====== INFORMATION SHOWN ======

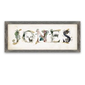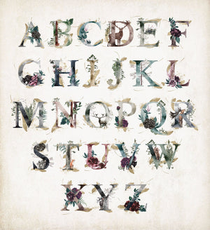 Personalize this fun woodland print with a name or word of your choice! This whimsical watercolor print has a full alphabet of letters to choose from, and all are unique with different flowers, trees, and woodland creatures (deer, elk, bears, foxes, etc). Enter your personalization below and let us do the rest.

======
====== INFORMATION SHOWN ======

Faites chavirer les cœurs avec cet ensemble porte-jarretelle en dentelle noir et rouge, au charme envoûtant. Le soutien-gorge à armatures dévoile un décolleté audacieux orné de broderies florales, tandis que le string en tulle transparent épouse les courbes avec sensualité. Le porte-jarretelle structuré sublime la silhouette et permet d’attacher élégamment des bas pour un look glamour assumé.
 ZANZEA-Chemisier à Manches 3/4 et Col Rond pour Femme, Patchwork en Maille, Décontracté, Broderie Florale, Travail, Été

======

### TASK DIRECTIONS
Give the number of lines in the listing that contain the string "pour". Write nothing else.

### REPLY TO THE EXERCISE
2